* Work task *
Nothing outside the lines below from the one containing "⑥ 船橋川洪水ハザードマップ" through the one containing "D'Graviermaschine vo dr Firma Müller" is to be printed; print those exactly, ends included, and drop the pictures.

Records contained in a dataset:
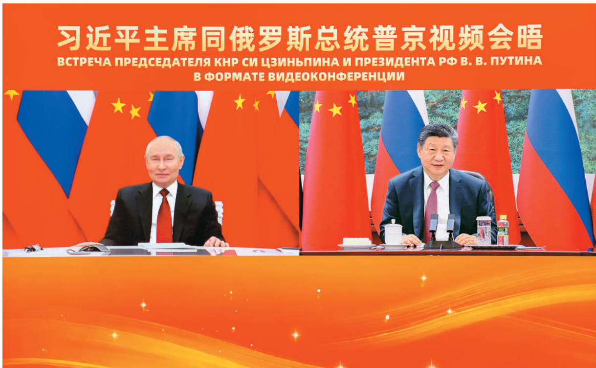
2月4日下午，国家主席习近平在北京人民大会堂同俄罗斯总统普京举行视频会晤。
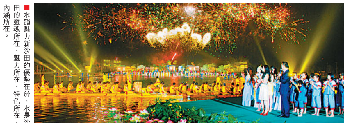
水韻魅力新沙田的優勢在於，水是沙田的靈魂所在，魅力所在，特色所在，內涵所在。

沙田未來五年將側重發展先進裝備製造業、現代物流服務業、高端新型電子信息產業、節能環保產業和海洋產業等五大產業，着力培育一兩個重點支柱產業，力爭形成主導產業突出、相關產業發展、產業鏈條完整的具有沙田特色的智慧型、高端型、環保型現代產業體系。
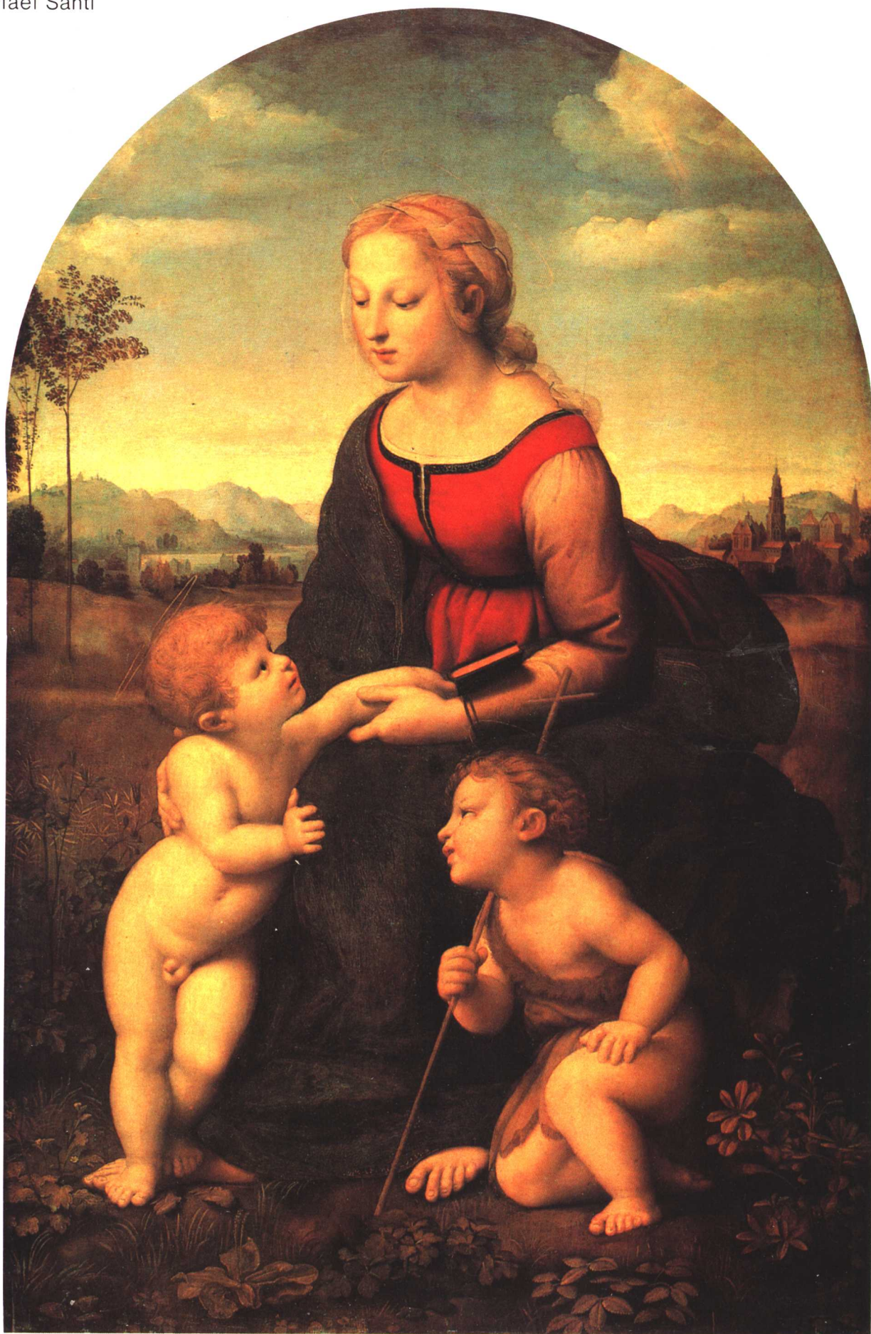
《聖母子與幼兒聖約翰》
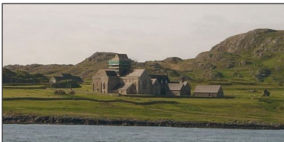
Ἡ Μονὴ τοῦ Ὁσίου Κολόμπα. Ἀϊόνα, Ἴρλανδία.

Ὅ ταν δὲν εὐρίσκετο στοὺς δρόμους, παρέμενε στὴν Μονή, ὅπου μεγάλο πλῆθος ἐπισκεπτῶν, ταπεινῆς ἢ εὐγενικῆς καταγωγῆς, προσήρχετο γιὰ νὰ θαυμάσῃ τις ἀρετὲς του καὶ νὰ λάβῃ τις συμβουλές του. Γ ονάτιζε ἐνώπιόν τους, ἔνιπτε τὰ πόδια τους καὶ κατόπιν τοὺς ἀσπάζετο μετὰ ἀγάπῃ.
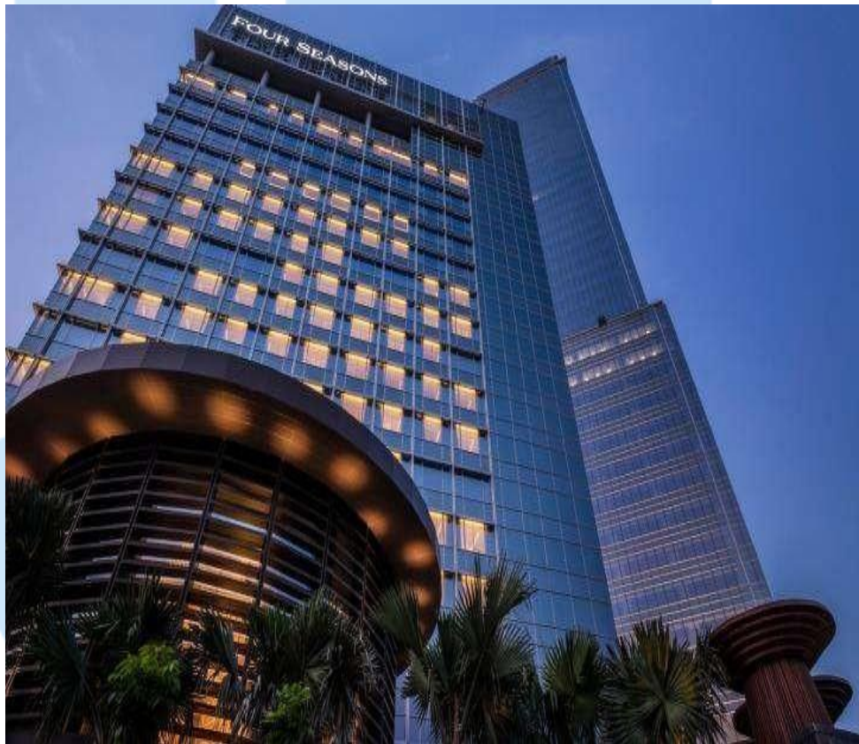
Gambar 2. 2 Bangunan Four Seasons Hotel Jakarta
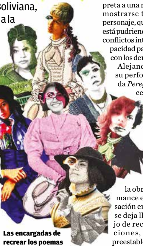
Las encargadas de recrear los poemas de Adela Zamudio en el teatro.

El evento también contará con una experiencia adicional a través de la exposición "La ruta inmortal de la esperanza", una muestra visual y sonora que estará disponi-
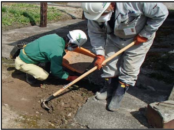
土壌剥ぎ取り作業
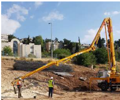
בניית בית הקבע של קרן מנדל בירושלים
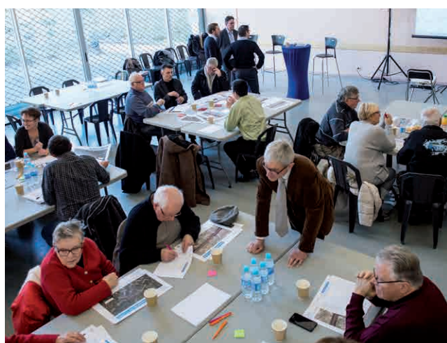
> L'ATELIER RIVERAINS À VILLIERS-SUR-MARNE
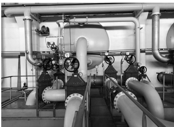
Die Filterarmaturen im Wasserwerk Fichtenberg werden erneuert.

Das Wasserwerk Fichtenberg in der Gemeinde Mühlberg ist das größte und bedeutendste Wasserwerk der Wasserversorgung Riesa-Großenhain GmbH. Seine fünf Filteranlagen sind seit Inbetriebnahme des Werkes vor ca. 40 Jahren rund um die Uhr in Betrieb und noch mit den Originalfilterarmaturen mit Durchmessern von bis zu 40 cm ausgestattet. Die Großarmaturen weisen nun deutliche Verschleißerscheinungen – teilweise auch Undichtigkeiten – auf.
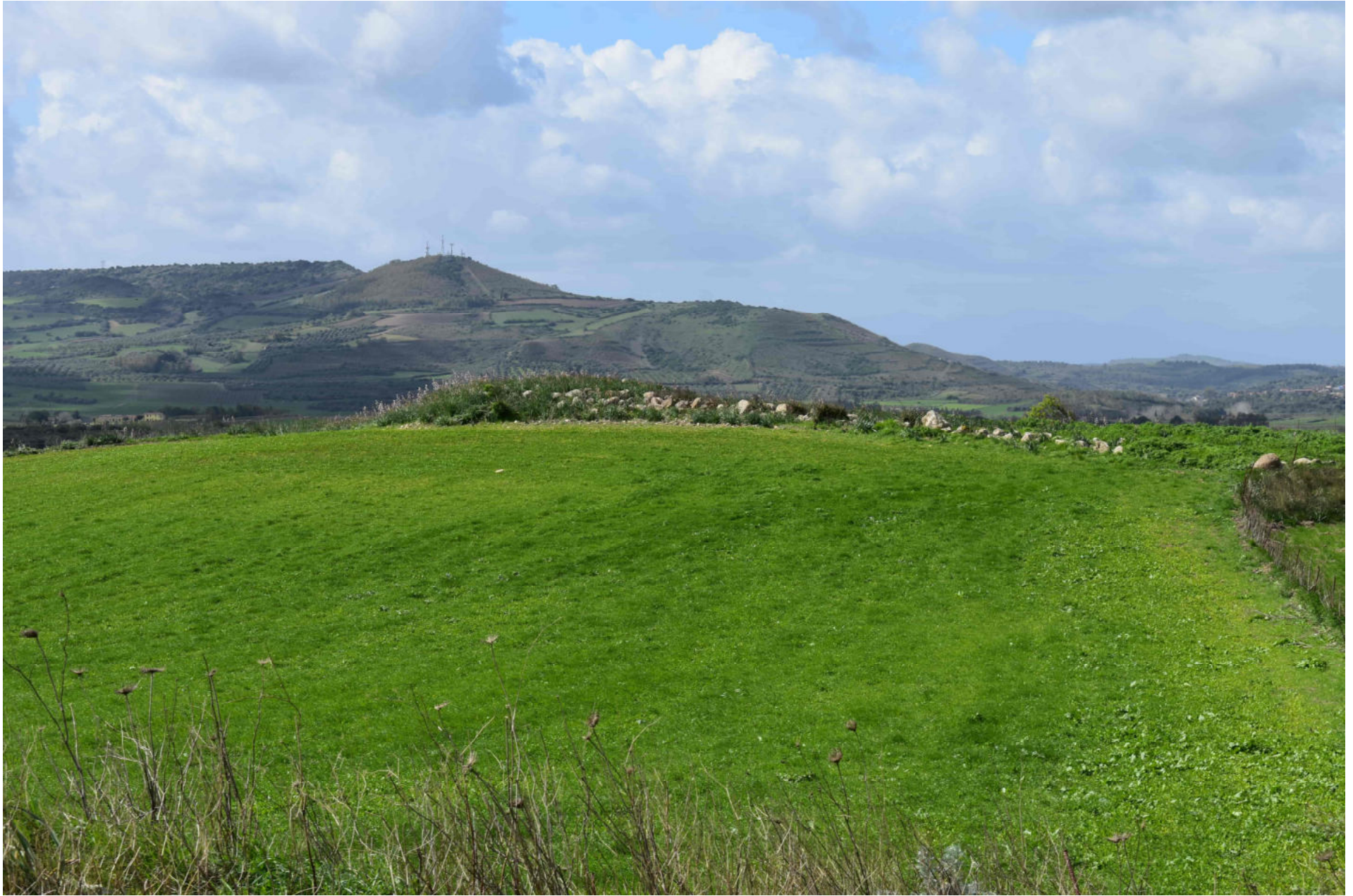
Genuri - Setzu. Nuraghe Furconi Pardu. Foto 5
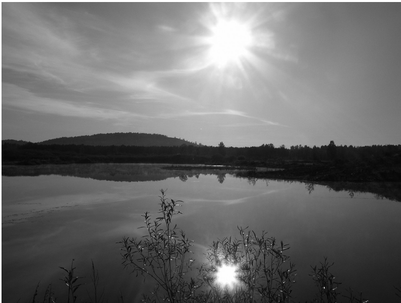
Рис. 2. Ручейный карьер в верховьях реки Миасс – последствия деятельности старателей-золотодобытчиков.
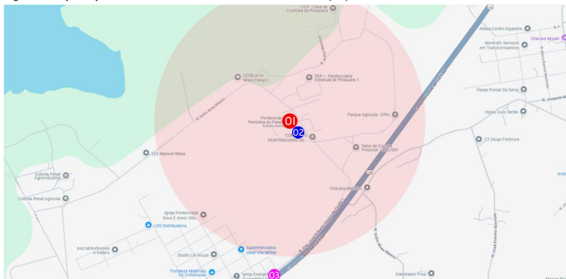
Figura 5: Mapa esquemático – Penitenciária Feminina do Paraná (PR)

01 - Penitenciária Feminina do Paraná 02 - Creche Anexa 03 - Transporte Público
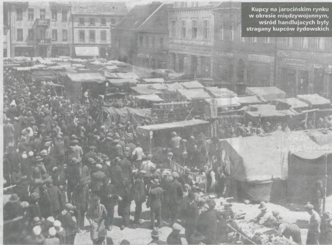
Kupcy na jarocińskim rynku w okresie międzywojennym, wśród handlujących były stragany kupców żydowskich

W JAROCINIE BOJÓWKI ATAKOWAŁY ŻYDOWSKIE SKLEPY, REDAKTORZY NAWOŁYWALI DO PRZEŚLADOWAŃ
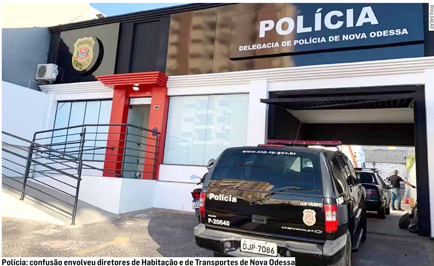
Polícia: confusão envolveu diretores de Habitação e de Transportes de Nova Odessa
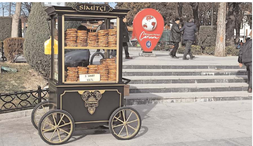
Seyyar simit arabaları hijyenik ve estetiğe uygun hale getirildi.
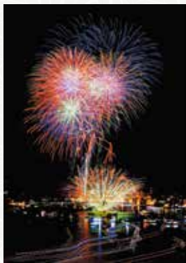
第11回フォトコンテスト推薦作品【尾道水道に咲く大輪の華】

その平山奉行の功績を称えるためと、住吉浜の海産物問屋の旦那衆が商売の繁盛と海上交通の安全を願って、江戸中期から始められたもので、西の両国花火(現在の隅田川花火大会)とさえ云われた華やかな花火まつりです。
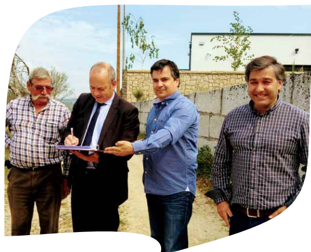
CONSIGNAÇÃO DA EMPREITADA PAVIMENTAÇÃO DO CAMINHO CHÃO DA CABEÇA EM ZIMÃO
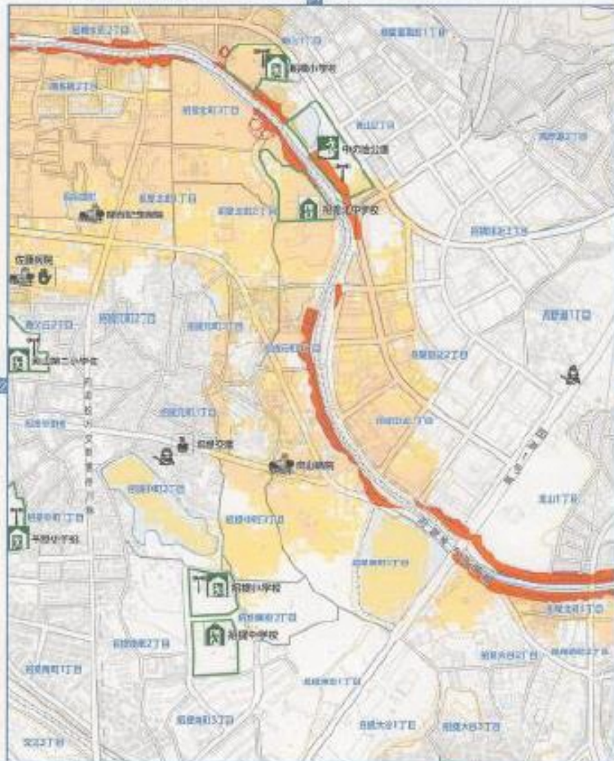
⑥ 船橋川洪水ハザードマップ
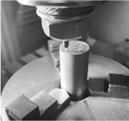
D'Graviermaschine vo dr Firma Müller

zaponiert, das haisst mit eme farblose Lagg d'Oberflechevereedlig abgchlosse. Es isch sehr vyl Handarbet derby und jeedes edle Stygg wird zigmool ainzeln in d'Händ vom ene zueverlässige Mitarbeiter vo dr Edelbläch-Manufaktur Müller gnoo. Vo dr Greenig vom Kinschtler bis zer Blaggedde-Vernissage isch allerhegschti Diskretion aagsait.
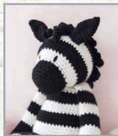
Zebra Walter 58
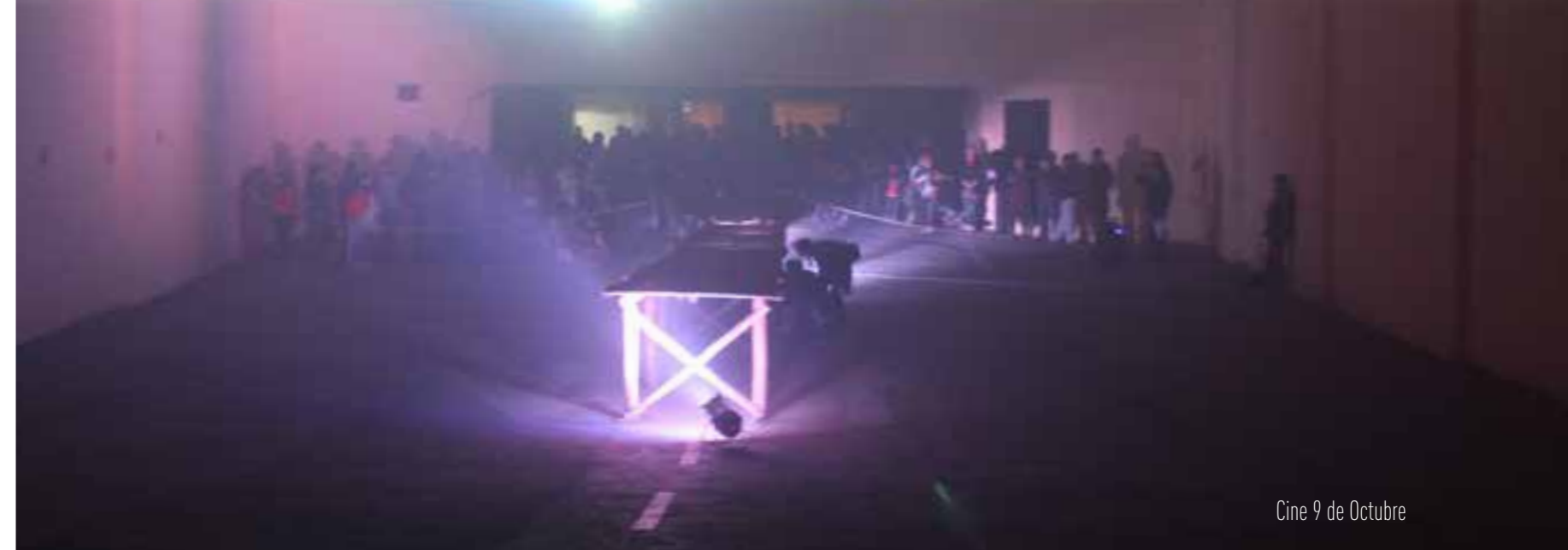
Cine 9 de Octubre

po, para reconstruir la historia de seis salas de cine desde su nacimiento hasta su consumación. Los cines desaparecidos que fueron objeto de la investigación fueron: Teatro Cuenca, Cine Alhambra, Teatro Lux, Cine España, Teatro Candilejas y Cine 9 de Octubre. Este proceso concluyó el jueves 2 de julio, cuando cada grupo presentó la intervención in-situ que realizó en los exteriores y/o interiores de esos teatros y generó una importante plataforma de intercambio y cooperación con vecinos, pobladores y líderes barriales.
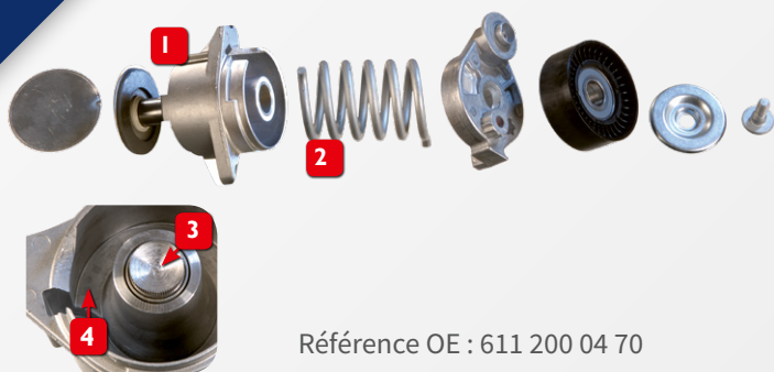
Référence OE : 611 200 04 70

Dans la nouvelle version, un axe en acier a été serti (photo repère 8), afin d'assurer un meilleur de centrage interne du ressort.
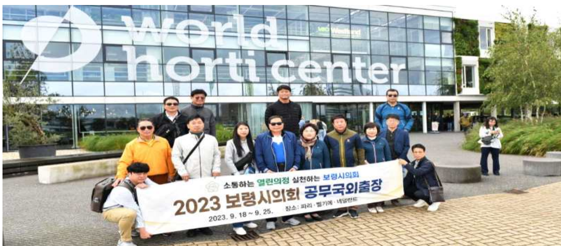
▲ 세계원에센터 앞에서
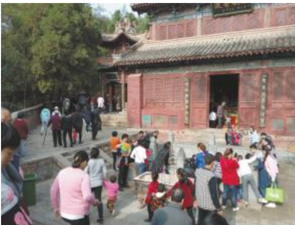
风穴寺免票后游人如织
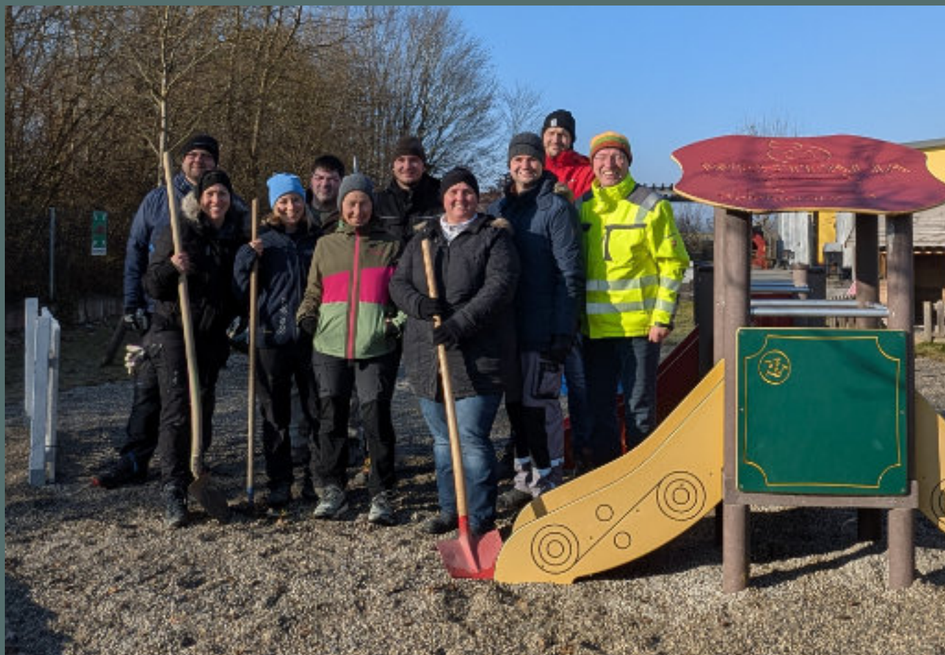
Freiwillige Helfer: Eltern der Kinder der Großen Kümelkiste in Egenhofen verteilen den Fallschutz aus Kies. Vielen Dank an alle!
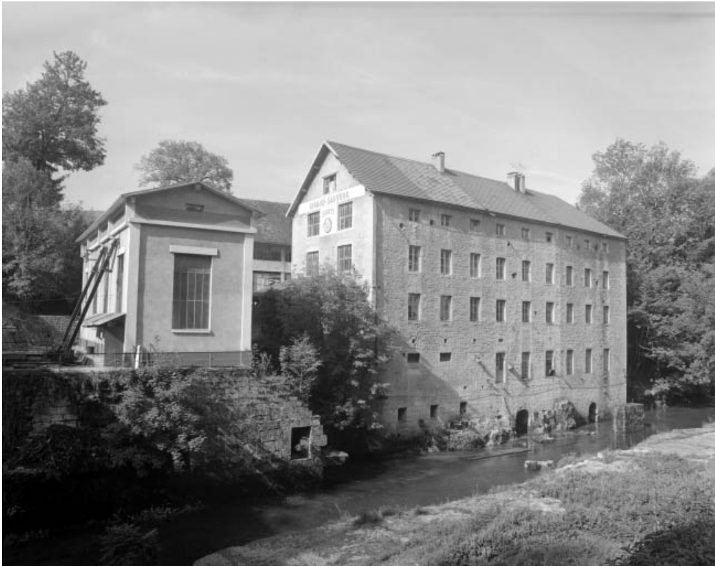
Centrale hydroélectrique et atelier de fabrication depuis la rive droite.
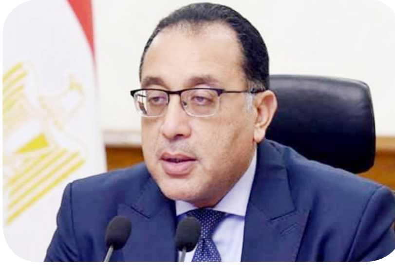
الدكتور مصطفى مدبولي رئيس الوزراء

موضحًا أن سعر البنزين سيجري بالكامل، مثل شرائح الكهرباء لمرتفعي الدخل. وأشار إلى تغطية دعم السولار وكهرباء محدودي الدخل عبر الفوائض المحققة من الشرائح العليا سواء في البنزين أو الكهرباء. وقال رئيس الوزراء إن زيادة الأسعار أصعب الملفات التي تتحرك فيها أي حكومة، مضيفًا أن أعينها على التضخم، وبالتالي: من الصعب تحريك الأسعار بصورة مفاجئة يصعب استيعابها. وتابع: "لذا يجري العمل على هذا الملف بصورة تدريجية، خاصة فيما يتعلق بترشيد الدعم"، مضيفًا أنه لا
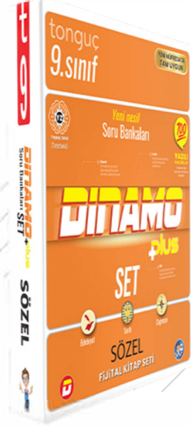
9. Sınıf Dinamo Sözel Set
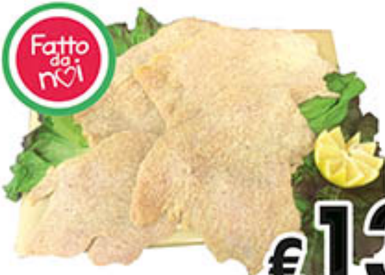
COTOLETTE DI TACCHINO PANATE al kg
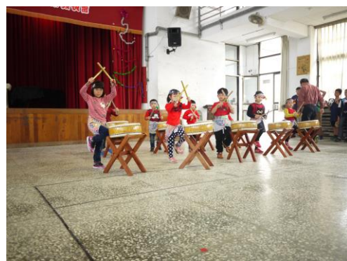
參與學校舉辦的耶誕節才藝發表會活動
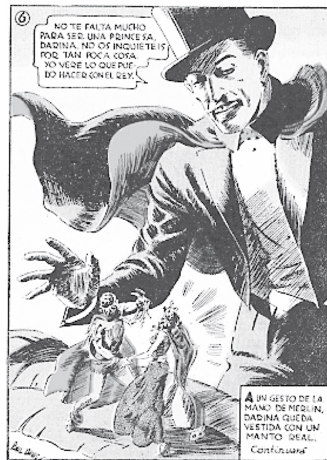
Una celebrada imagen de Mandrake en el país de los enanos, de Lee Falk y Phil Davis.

* Answer below *
⑥ 船橋川洪水ハザードマップ
D'Graviermaschine vo dr Firma Müller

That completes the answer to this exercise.